Every record must be reproduced exactly. Leave none out.

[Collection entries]
=== Begin Enclosure ===

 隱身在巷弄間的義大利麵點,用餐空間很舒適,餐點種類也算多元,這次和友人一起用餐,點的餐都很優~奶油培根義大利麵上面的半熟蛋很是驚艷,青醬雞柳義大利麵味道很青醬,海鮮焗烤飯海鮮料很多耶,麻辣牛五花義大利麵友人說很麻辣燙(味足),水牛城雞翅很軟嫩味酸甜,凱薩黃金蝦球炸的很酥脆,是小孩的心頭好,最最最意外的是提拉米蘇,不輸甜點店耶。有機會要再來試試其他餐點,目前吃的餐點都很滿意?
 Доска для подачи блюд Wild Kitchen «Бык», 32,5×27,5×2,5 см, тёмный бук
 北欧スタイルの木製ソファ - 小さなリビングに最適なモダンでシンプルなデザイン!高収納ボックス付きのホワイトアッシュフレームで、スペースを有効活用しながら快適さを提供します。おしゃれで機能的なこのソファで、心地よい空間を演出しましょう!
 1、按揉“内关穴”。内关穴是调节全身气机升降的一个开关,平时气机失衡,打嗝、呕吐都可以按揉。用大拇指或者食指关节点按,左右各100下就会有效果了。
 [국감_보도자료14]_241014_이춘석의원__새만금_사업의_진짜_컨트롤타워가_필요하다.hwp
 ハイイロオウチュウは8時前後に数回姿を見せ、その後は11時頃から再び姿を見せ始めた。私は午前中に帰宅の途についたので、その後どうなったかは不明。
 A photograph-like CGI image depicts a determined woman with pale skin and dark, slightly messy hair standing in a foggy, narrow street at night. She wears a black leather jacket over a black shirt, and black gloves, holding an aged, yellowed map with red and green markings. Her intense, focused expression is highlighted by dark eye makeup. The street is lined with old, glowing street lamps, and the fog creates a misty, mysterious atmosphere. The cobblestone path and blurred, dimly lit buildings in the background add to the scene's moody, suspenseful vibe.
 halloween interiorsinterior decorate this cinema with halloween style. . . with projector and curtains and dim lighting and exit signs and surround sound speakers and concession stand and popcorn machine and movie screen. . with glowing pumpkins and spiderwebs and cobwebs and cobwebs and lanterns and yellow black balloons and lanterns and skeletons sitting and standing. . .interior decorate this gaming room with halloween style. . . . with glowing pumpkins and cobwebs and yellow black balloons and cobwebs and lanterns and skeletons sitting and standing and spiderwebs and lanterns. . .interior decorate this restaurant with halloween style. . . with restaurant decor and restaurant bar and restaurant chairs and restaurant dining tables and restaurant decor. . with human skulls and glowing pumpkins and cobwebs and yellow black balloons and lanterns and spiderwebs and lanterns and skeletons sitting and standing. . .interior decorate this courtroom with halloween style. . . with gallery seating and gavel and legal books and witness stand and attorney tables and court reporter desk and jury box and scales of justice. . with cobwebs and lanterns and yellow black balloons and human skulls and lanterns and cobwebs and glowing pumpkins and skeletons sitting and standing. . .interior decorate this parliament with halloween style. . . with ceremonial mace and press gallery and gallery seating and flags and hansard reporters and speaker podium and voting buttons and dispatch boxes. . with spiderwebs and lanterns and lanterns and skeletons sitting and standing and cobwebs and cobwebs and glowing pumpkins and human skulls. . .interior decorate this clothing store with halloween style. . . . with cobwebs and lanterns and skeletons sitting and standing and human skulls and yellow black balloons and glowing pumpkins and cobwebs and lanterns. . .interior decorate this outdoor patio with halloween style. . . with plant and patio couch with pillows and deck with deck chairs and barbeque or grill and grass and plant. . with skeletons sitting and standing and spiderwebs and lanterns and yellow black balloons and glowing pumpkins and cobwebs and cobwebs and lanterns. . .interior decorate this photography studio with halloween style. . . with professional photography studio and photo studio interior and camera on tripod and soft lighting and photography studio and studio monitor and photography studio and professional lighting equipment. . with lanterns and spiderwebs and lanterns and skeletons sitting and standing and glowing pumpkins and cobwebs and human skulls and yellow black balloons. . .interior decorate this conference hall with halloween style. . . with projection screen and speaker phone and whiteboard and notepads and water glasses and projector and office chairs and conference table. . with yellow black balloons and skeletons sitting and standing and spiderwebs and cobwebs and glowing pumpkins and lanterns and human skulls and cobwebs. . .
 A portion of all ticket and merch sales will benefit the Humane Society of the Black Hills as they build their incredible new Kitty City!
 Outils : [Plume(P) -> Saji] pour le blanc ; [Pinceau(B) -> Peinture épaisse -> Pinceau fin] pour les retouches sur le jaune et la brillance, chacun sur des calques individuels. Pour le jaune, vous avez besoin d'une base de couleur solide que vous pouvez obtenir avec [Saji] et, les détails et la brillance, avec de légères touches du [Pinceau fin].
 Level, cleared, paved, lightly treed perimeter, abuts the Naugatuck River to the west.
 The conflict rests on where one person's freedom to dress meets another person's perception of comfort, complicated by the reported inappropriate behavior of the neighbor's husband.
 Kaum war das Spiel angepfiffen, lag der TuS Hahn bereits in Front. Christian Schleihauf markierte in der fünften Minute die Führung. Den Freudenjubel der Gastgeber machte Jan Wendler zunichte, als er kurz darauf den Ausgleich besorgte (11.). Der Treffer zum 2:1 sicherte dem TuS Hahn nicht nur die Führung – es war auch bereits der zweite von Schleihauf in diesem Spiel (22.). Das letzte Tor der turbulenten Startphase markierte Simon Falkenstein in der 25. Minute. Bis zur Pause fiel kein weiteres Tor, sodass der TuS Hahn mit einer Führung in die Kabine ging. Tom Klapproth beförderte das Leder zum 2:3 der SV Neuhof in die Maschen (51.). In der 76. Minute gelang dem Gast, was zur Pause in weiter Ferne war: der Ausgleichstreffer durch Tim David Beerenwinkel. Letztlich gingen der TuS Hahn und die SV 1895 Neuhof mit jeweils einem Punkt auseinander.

=== End Enclosure ===

● **Exercise output**
 隱身在巷弄間的義大利麵點,用餐空間很舒適,餐點種類也算多元,這次和友人一起用餐,點的餐都很優~奶油培根義大利麵上面的半熟蛋很是驚艷,青醬雞柳義大利麵味道很青醬,海鮮焗烤飯海鮮料很多耶,麻辣牛五花義大利麵友人說很麻辣燙(味足),水牛城雞翅很軟嫩味酸甜,凱薩黃金蝦球炸的很酥脆,是小孩的心頭好,最最最意外的是提拉米蘇,不輸甜點店耶。有機會要再來試試其他餐點,目前吃的餐點都很滿意?
 Доска для подачи блюд Wild Kitchen «Бык», 32,5×27,5×2,5 см, тёмный бук
 北欧スタイルの木製ソファ - 小さなリビングに最適なモダンでシンプルなデザイン!高収納ボックス付きのホワイトアッシュフレームで、スペースを有効活用しながら快適さを提供します。おしゃれで機能的なこのソファで、心地よい空間を演出しましょう!
 1、按揉“内关穴”。内关穴是调节全身气机升降的一个开关,平时气机失衡,打嗝、呕吐都可以按揉。用大拇指或者食指关节点按,左右各100下就会有效果了。
 [국감_보도자료14]_241014_이춘석의원__새만금_사업의_진짜_컨트롤타워가_필요하다.hwp
 ハイイロオウチュウは8時前後に数回姿を見せ、その後は11時頃から再び姿を見せ始めた。私は午前中に帰宅の途についたので、その後どうなったかは不明。
 A photograph-like CGI image depicts a determined woman with pale skin and dark, slightly messy hair standing in a foggy, narrow street at night. She wears a black leather jacket over a black shirt, and black gloves, holding an aged, yellowed map with red and green markings. Her intense, focused expression is highlighted by dark eye makeup. The street is lined with old, glowing street lamps, and the fog creates a misty, mysterious atmosphere. The cobblestone path and blurred, dimly lit buildings in the background add to the scene's moody, suspenseful vibe.
 halloween interiorsinterior decorate this cinema with halloween style. . . with projector and curtains and dim lighting and exit signs and surround sound speakers and concession stand and popcorn machine and movie screen. . with glowing pumpkins and spiderwebs and cobwebs and cobwebs and lanterns and yellow black balloons and lanterns and skeletons sitting and standing. . .interior decorate this gaming room with halloween style. . . . with glowing pumpkins and cobwebs and yellow black balloons and cobwebs and lanterns and skeletons sitting and standing and spiderwebs and lanterns. . .interior decorate this restaurant with halloween style. . . with restaurant decor and restaurant bar and restaurant chairs and restaurant dining tables and restaurant decor. . with human skulls and glowing pumpkins and cobwebs and yellow black balloons and lanterns and spiderwebs and lanterns and skeletons sitting and standing. . .interior decorate this courtroom with halloween style. . . with gallery seating and gavel and legal books and witness stand and attorney tables and court reporter desk and jury box and scales of justice. . with cobwebs and lanterns and yellow black balloons and human skulls and lanterns and cobwebs and glowing pumpkins and skeletons sitting and standing. . .interior decorate this parliament with halloween style. . . with ceremonial mace and press gallery and gallery seating and flags and hansard reporters and speaker podium and voting buttons and dispatch boxes. . with spiderwebs and lanterns and lanterns and skeletons sitting and standing and cobwebs and cobwebs and glowing pumpkins and human skulls. . .interior decorate this clothing store with halloween style. . . . with cobwebs and lanterns and skeletons sitting and standing and human skulls and yellow black balloons and glowing pumpkins and cobwebs and lanterns. . .interior decorate this outdoor patio with halloween style. . . with plant and patio couch with pillows and deck with deck chairs and barbeque or grill and grass and plant. . with skeletons sitting and standing and spiderwebs and lanterns and yellow black balloons and glowing pumpkins and cobwebs and cobwebs and lanterns. . .interior decorate this photography studio with halloween style. . . with professional photography studio and photo studio interior and camera on tripod and soft lighting and photography studio and studio monitor and photography studio and professional lighting equipment. . with lanterns and spiderwebs and lanterns and skeletons sitting and standing and glowing pumpkins and cobwebs and human skulls and yellow black balloons. . .interior decorate this conference hall with halloween style. . . with projection screen and speaker phone and whiteboard and notepads and water glasses and projector and office chairs and conference table. . with yellow black balloons and skeletons sitting and standing and spiderwebs and cobwebs and glowing pumpkins and lanterns and human skulls and cobwebs. . .
 A portion of all ticket and merch sales will benefit the Humane Society of the Black Hills as they build their incredible new Kitty City!
 Outils : [Plume(P) -> Saji] pour le blanc ; [Pinceau(B) -> Peinture épaisse -> Pinceau fin] pour les retouches sur le jaune et la brillance, chacun sur des calques individuels. Pour le jaune, vous avez besoin d'une base de couleur solide que vous pouvez obtenir avec [Saji] et, les détails et la brillance, avec de légères touches du [Pinceau fin].
 Level, cleared, paved, lightly treed perimeter, abuts the Naugatuck River to the west.
 The conflict rests on where one person's freedom to dress meets another person's perception of comfort, complicated by the reported inappropriate behavior of the neighbor's husband.
 Kaum war das Spiel angepfiffen, lag der TuS Hahn bereits in Front. Christian Schleihauf markierte in der fünften Minute die Führung. Den Freudenjubel der Gastgeber machte Jan Wendler zunichte, als er kurz darauf den Ausgleich besorgte (11.). Der Treffer zum 2:1 sicherte dem TuS Hahn nicht nur die Führung – es war auch bereits der zweite von Schleihauf in diesem Spiel (22.). Das letzte Tor der turbulenten Startphase markierte Simon Falkenstein in der 25. Minute. Bis zur Pause fiel kein weiteres Tor, sodass der TuS Hahn mit einer Führung in die Kabine ging. Tom Klapproth beförderte das Leder zum 2:3 der SV Neuhof in die Maschen (51.). In der 76. Minute gelang dem Gast, was zur Pause in weiter Ferne war: der Ausgleichstreffer durch Tim David Beerenwinkel. Letztlich gingen der TuS Hahn und die SV 1895 Neuhof mit jeweils einem Punkt auseinander.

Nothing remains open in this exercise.